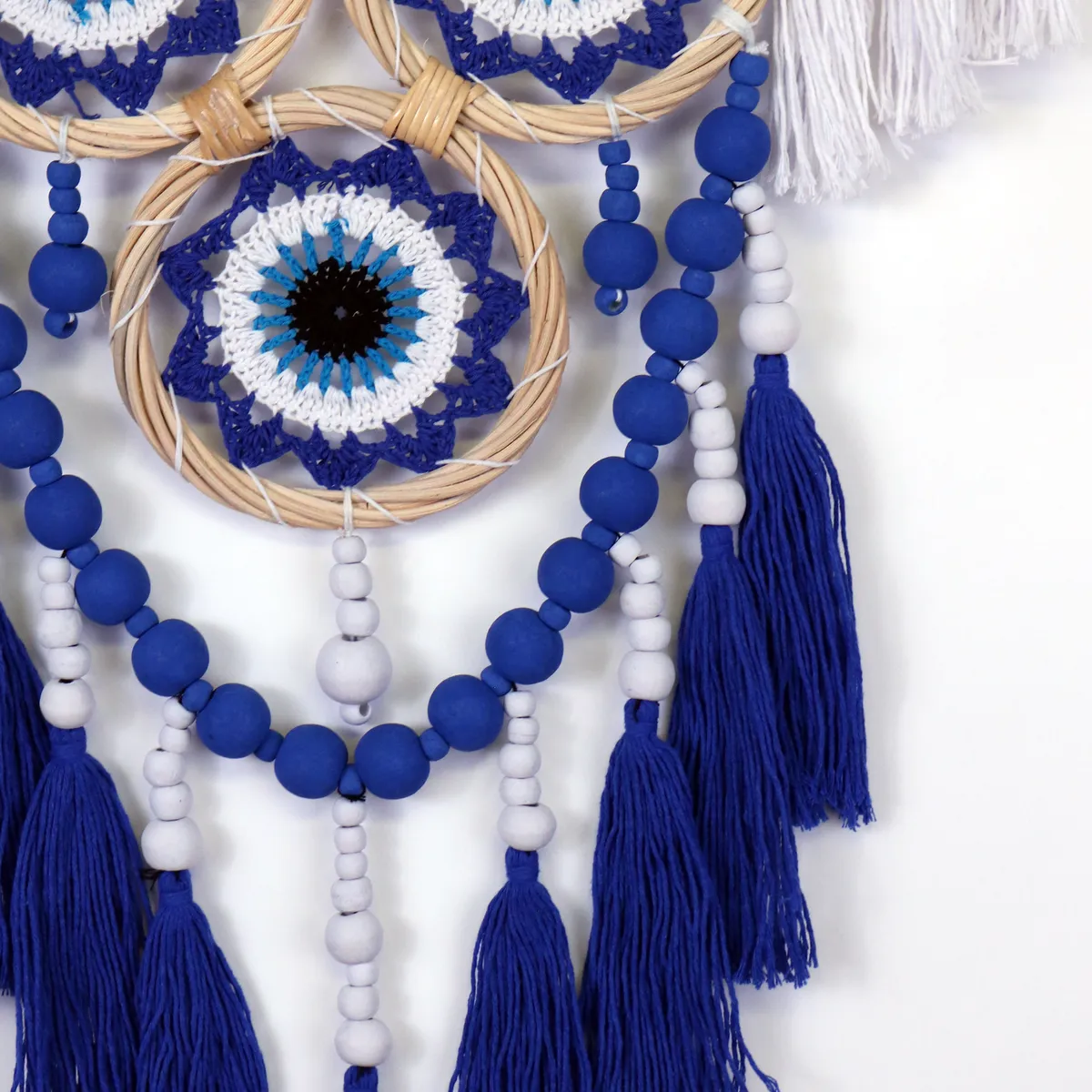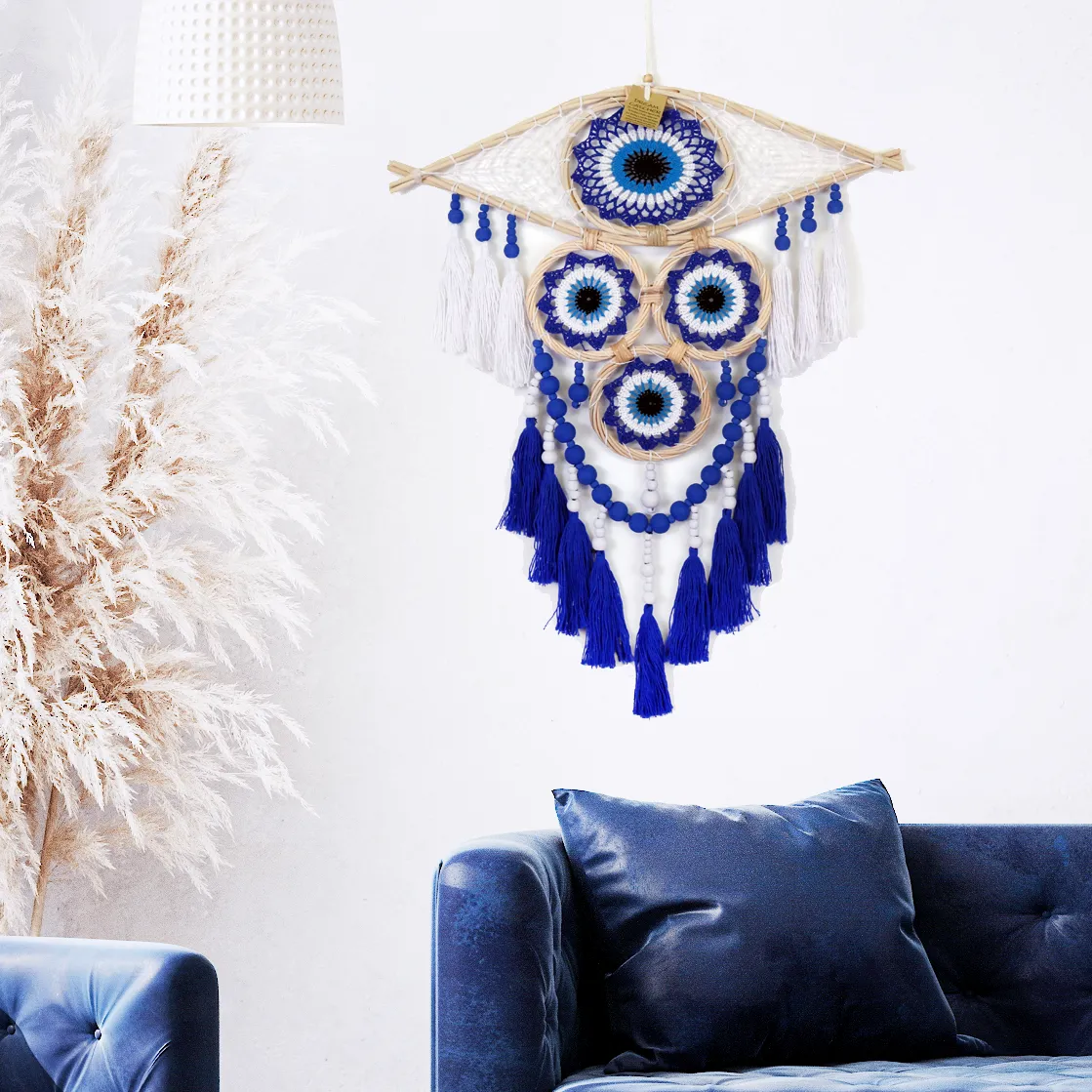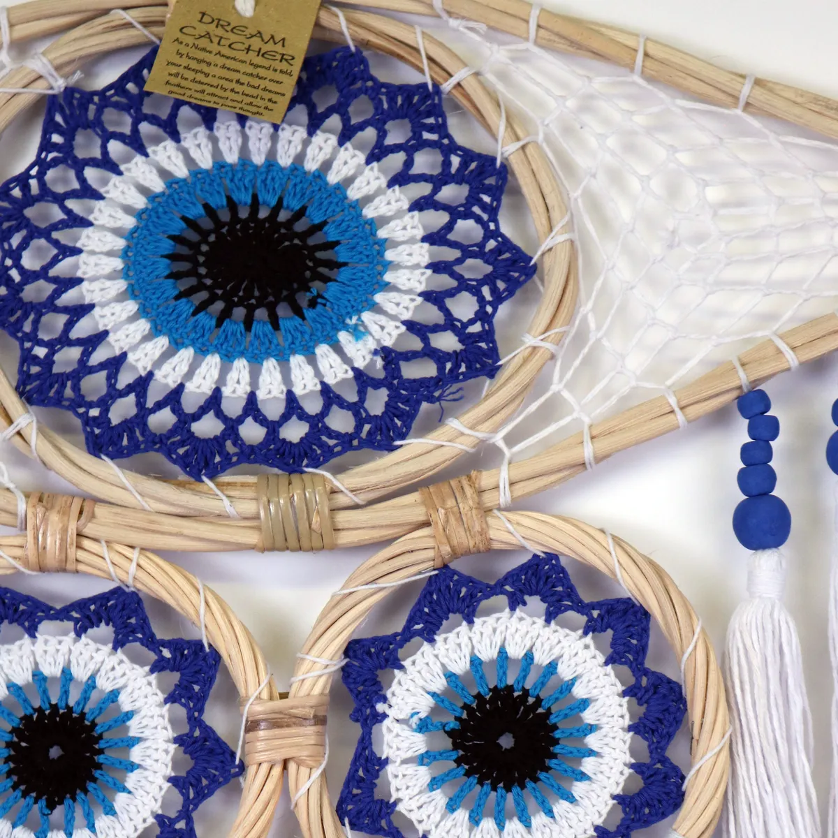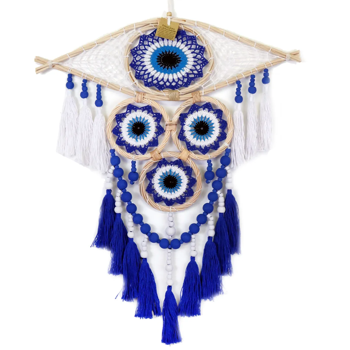 Fin håndlaget drømmefanger formet som et øye. Det onde øyet sies å beskytte deg mot demonisk påvirkning. Laget av naturmaterialer med perler og stoff med dusker hengende ned. Hver drømmefanger er håndlaget og unik, kan variere litt i størrelse.
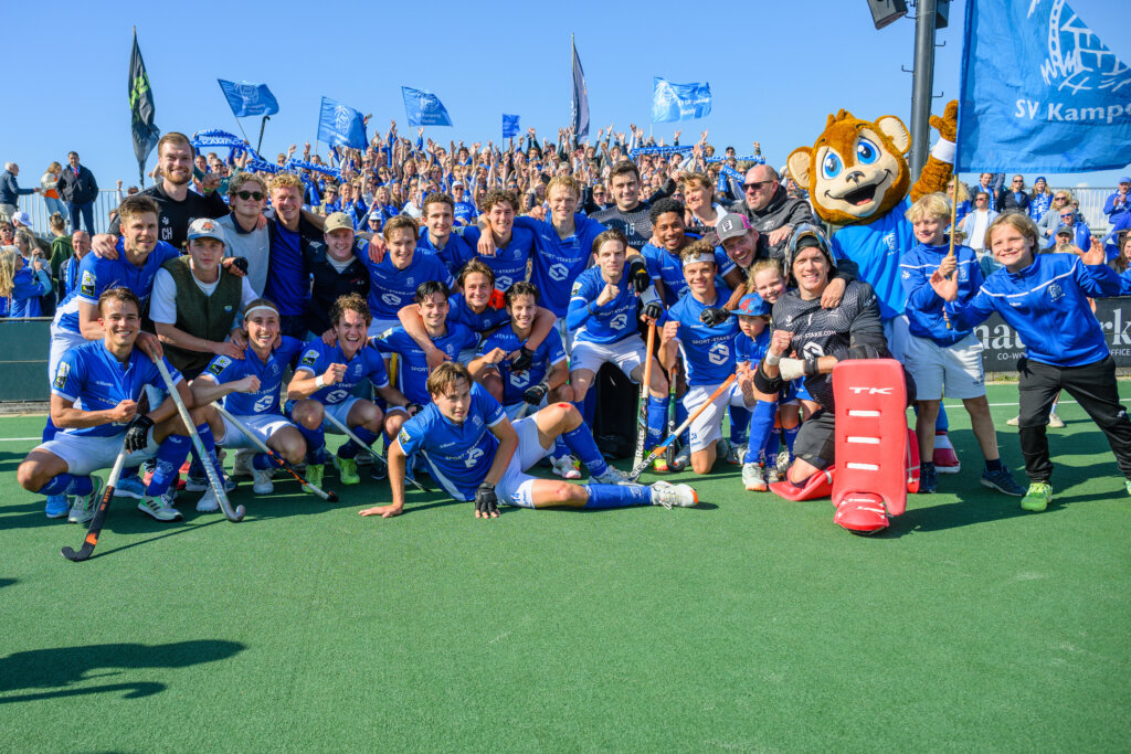 Vreugde bij Kampong na de winst op Bloemendaal. Foto: Bart Scheulderman
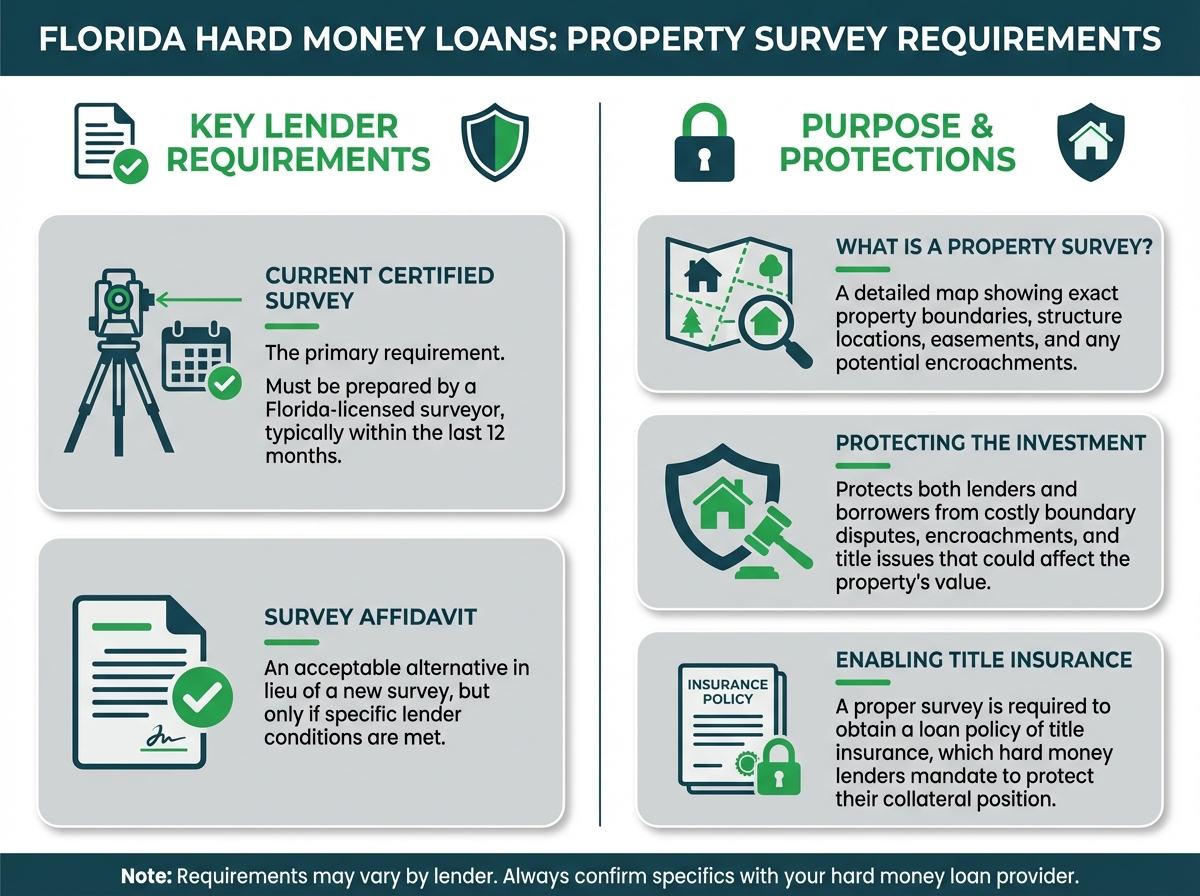 Florida's requirement for certified property surveys or acceptable survey affidavits adds both cost and time to the closing process for hard money loans. Unlike some states where title insurance alone suffices, Florida lenders typically require current surveys to verify property boundaries, identify encroachments, and confirm that improvements sit within legal property lines.

[Exercise objective]
Reproduce the material above in full, exactly, with no images.

[Expected answer]
 Fin håndlaget drømmefanger formet som et øye. Det onde øyet sies å beskytte deg mot demonisk påvirkning. Laget av naturmaterialer med perler og stoff med dusker hengende ned. Hver drømmefanger er håndlaget og unik, kan variere litt i størrelse.
 Vreugde bij Kampong na de winst op Bloemendaal. Foto: Bart Scheulderman
 Florida's requirement for certified property surveys or acceptable survey affidavits adds both cost and time to the closing process for hard money loans. Unlike some states where title insurance alone suffices, Florida lenders typically require current surveys to verify property boundaries, identify encroachments, and confirm that improvements sit within legal property lines.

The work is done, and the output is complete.